Не могу и выразить, Татьяна Никитична, сколь порадовало меня Ваше письмо, как всегда и умное и дельное. Рад, что у Вас все в порядке и что Вы среди забот о хозяйстве и детях изыскали время не только прочесть мою повесть, но и высказать о ней свое мнение. (Речь идет о романе „Дым“, — пояснила Кассирова). Читая Ваши замечания, я об одном сожалел — что Вы не ознакомились с книгой в рукописи, ибо с большинством Ваших замечаний я вполне согласен, но увы — теперь уже поздно что-либо поправить.

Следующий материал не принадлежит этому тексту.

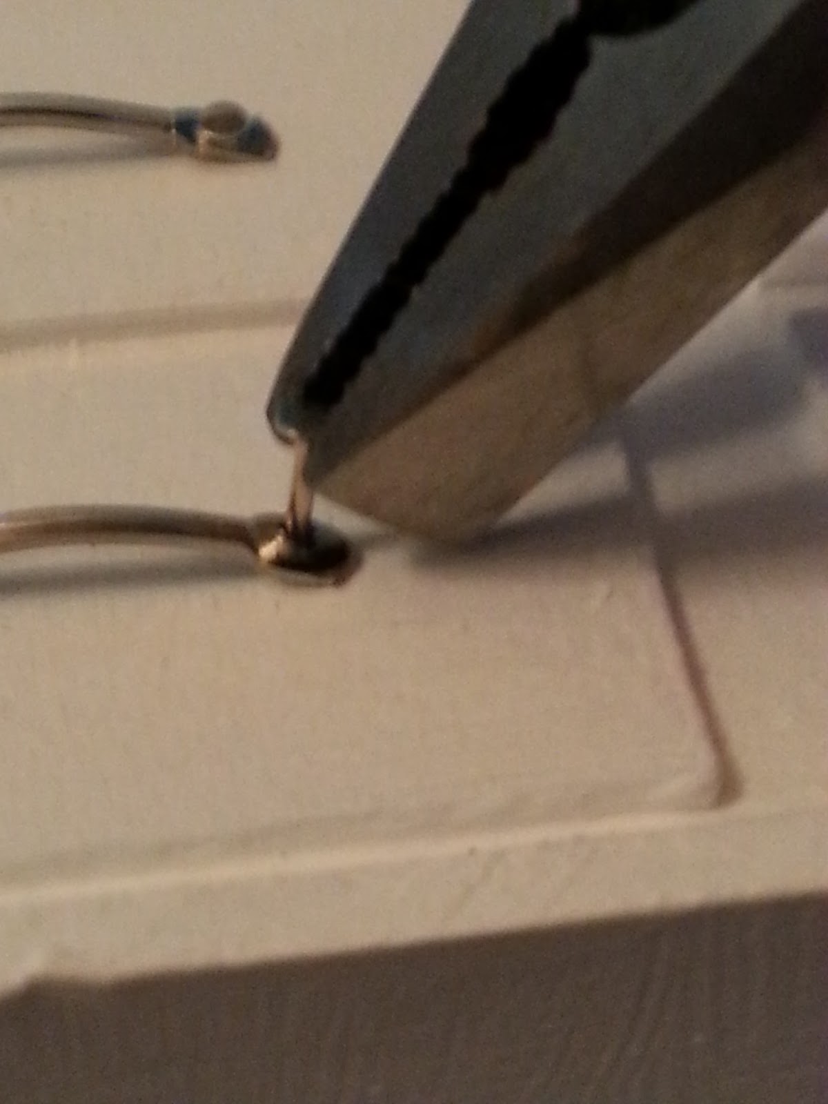 I found these incredible little jewelry findings that looked exactly like drawer pulls to me. So with those, and some head pins (cut short), I made some pulls for the drawers.
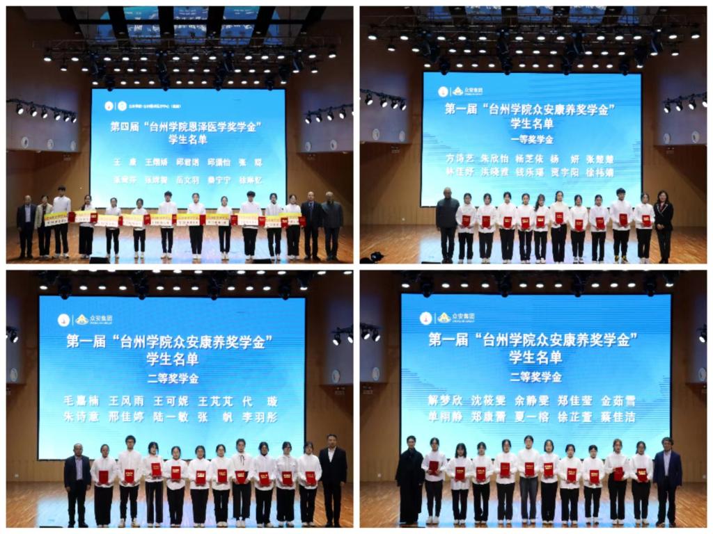 朱坚胜、毛鑫礼、梁勇、李仲斐为恩泽医学奖学金获奖同学颁奖;金霞、余小东、庄汝波、梁勇、李仲斐、周敏为众安康养一、二等奖学金获得者颁奖;陈兴明、章华婷、辅导员和班主任老师们分别为院十佳运动员、院十佳优良学风班、校特色寝室颁奖。

Относительно Потугина не могу с Вами до конца согласиться — его я ввел в повесть намеренно и ничуть об этом не сожалею. Как я и ожидал, на него все набросились, и очень рад этому — особенно теперь, в самое время всеславянского опьянения. (Почти такими же словами Иван Сергеевич пишет об этом двумя неделями позже Писареву, — добавила Кассирова). Впрочем, известный Вам милейший Павел Васильевич Анненков грозится написать большую статью с обстоятельным разбором „Дыма“, каковую Вы, Татьяна Никитична, сможете прочесть в одном из ближайших номеров „Вестника Европы“.
Как жаль, что мы с Вами столь содержательно беседуем в письмах и столь же редко видимся лично. Если Вы все же надумаете отправиться в Европу, то непременно отпишите мне — я несказанно буду рад увидать Вас и насладиться Вашим всегда дельным и умным разговором.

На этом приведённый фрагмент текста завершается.